Judicial Watch uncovered Secret Service records showing he traveled to China five time and also visited Moscow. But we didn’t get all the records, so we were forced to go to court to find out more.

We just filed a FOIA) suit in the U.S. District Court for the District of Columbia against the U.S. Department of Homeland Security (DHS) for records relating to travel by Hunter Biden. (Judicial Watch v. U.S. Department of Homeland Security (No. 1:20-cv-02094)).

Specifically, we want records on the dates and locations of Hunter Biden’s international and domestic travel during the period he received a U.S. Secret Service protective detail.

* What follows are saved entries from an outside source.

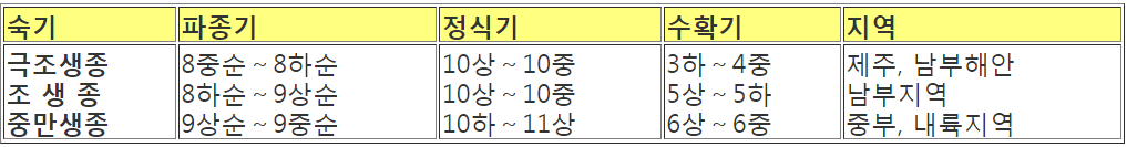 기온이 일찍 상승하는 제주 및 남부 해안지역에서는 조생종 품종을, 내륙지방으로 갈수록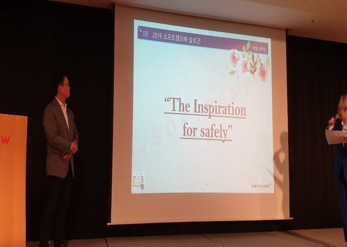 우리 소프트캠프는 보안을 넘어서서 고객들에게 안전함에 대한 영감을 주고자 합니다" 라며 의미 설명을 해주셨습니다.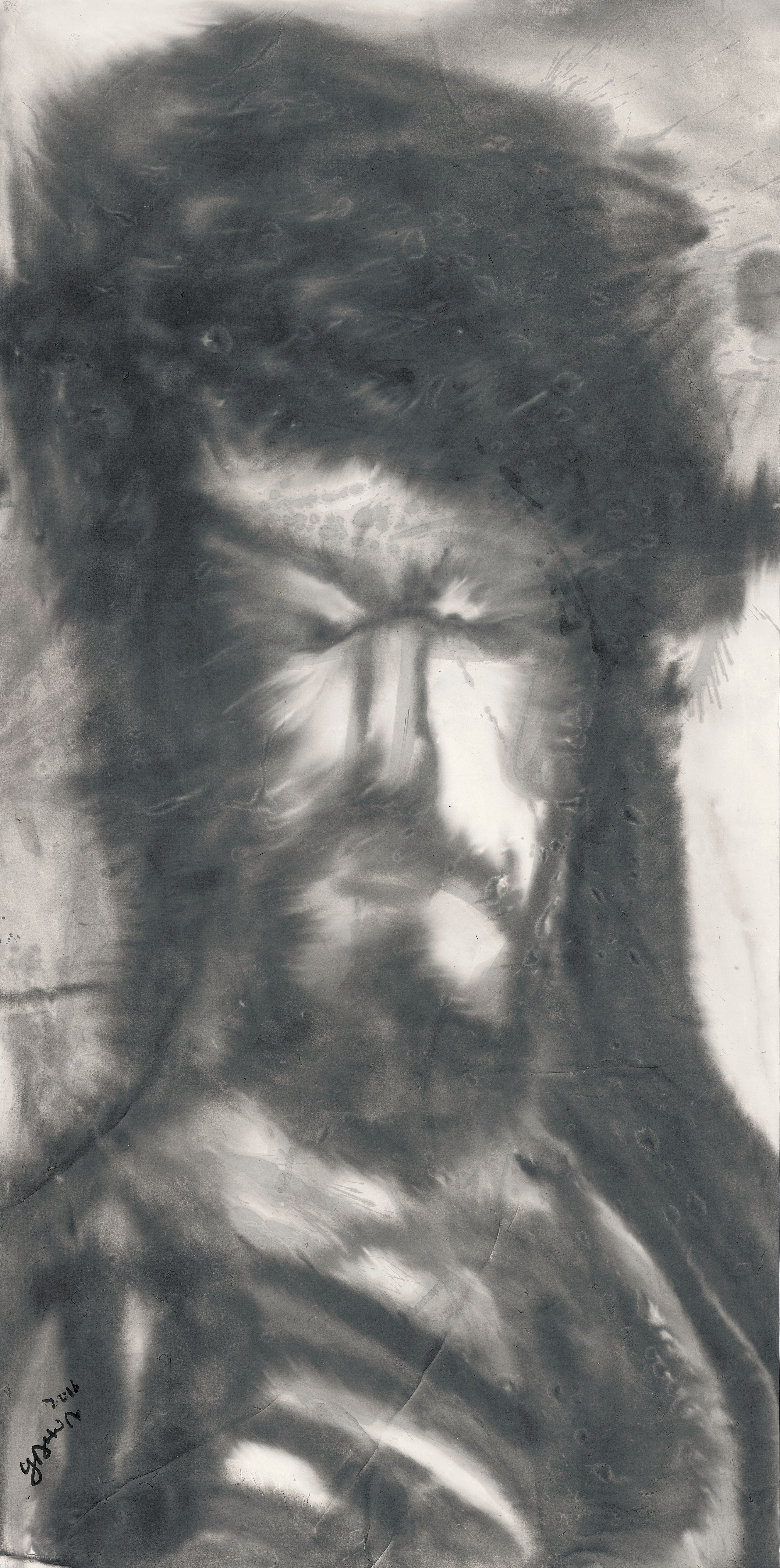 Out of his love and passion for Christ and the salvation bestowed upon him, Yahon Chang not only wants to capture the pain Jesus endured on the cross, but also His unconditional love for this world in this portraiture series. Chang also seeks to capture the holiness of light, which represents salvation and God’s divine glory through the Chinese technique of liubai, in which canvas space is intentionally left unpainted. We see the fusion of East and West, with subject matter familiar to the West yet expressed through Chinese brushwork. Chang’s unpainted canvas space redefines the meaning of liubai; it is a space of the divine glory of light and energy. This unpainted space is filled with the light of mercy, light of love, light of glory, and hope. The line and brushwork record his action on canvas and the spiritual path along which he journeys with faith, yet this representation of light showcases the inner spiritual pilgrimage of the artist.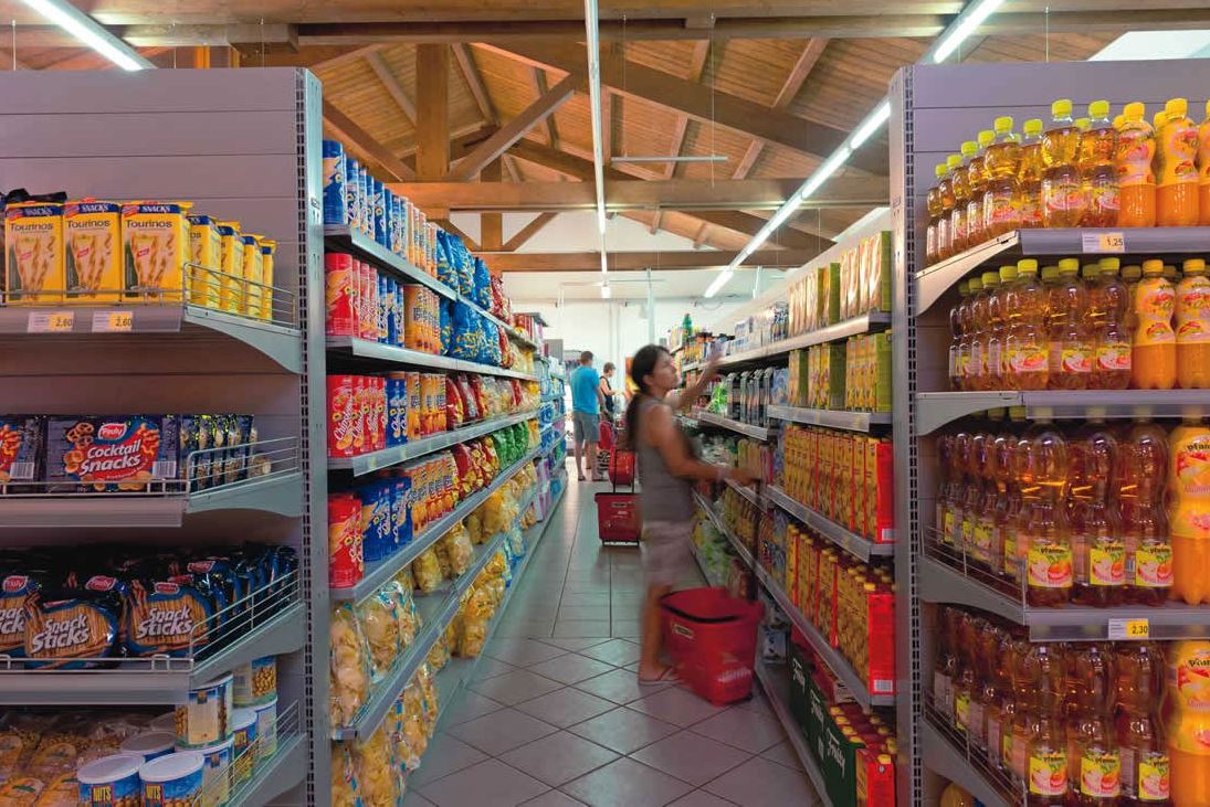 EINKAUFENIm Supermarkt des Ferienparks bekommt man frisches Obst und Gemüse, Brot, Aufschnitt, Käse und weitere Lebensmittel. Die Anlage verfügt auch über einen Bazar mit Tabakwaren, Zeitungen, Kinderspielzeug, Strandkleidung, Souvenirs und Campingartikeln.

We sued after the U.S. Secret Service, a component of the Department of Homeland Security, provided incomplete responses to our Feb. 7, 2020, FOIA request for the travel records and then failed to respond to repeated follow-up efforts to discuss the incomplete response.

The FOIA request is for:

Records reflecting the dates and locations of travel, international and domestic, for Hunter Biden while he received a USSS protective detail. In your response, please note whether his travel was on Air Force One or Two, or other government aircraft, as applicable and whether additional family members were present for each trip.

The records produced with the incomplete response show that, for the first five and a half years of the Obama administration, Hunter Biden traveled extensively with a Secret Service protective detail. The records show that, between Jan. 31, 2011, and July 8, 2014, Hunter Biden received Secret Service protection for 411 separate domestic and international trips, including to 29 different foreign countries.

He received protection while visiting China five times.

The response is incomplete because it did not include any travel after July 8, 2014. Vice-President Biden left office in Jan. 2017, and the request sought records of travel-related protection through the present.

Vice President Joe Biden and Hunter Biden reportedly flew on Air Force Two for an official trip to Beijing in December 2013. The records we ferreted out from the U.S. Secret Service show Hunter Biden arrived in Tokyo on Dec. 2, 2013, and departed for Beijing two days later.

While it is typical for the families of the president and vice president to travel with them, questions have been raised about whether Hunter Biden used the government trip to further his business interests.

Hunter Biden’s December 2013 trip to China received new examination in 2019 because he was forming a Chinese private equity fund, Bohai Harvest RST (BHR), in which he still reportedly retains a 10 percent share.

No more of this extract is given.